*Given data*
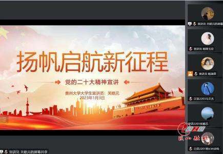 1月3日至1月12日,大学生宣讲团聚焦党的二十大精神的丰富内涵、中国“非凡十年”、贵州“黄金十年”等方面,通过线上会议的形式,为阳明学院、数学与统计学院等6个学院118个团支部的班团干部、入党积极分子开展了主题宣讲,把理论知识用通俗易懂的语言传递给青年。之后,大学生宣讲团计划寒假期间在全校1000多个团支部范围内广泛开展相关宣讲活动,为新学期各团支部开展丰富多彩的党的二十大精神主题团日活动打好理论基础。
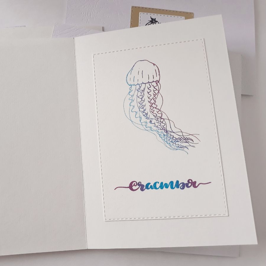 Вторая часть надписи расположена внутри открытки, где находится оттиск медузы с тем же приемом, но без размытия. ...Море счастья, Море гармонии или, как в знаменитом фильме с Аль Пачино, Море любви...
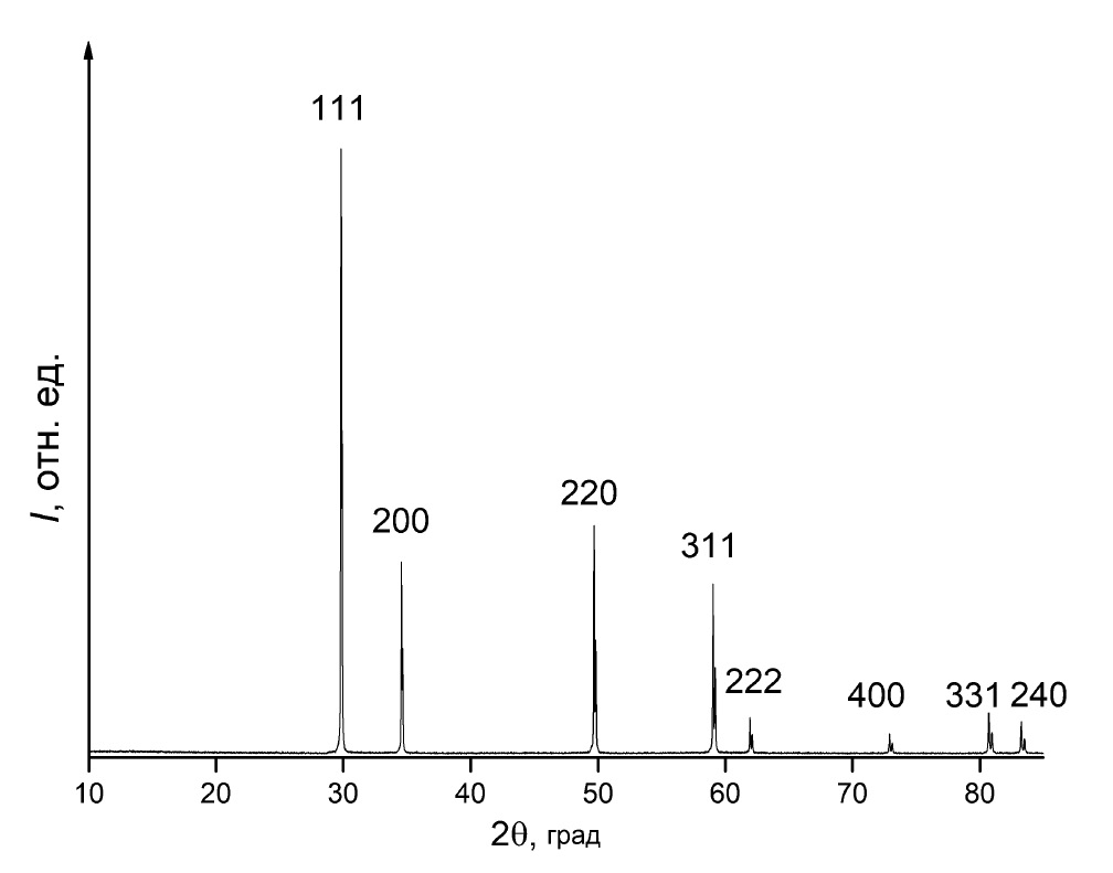 Рис. 1. Дифрактограмма образца твердого раствора Er2O3 ∙ 2HfO2, структурный тип Fm3m, а = 5.185(2) А, CuXa-излучение, X = 1.5418 А.
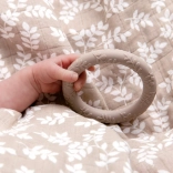 Két darabos, levélmintás szilikon rágóka készlet a fogzás alatti megkönnyebbülésért. A rágókák 100% szilikonból készülnek, kézbe simulóak, és könnyen tisztíthatók szappanos vízzel. Ergonomikus formájuk segít megnyugtatni az ínyt, és lefoglalja a babát az első fogak növekedésének kihívásokkal teli időszakában.

*Assignment*
An exact transcription is requested of each line from the one that holds "Рис. 1. Дифрактограмма" to the end of the listing above, both boundary lines included; pictures are to be omitted.

*Completed exercise*
 Рис. 1. Дифрактограмма образца твердого раствора Er2O3 ∙ 2HfO2, структурный тип Fm3m, а = 5.185(2) А, CuXa-излучение, X = 1.5418 А.
 Két darabos, levélmintás szilikon rágóka készlet a fogzás alatti megkönnyebbülésért. A rágókák 100% szilikonból készülnek, kézbe simulóak, és könnyen tisztíthatók szappanos vízzel. Ergonomikus formájuk segít megnyugtatni az ínyt, és lefoglalja a babát az első fogak növekedésének kihívásokkal teli időszakában.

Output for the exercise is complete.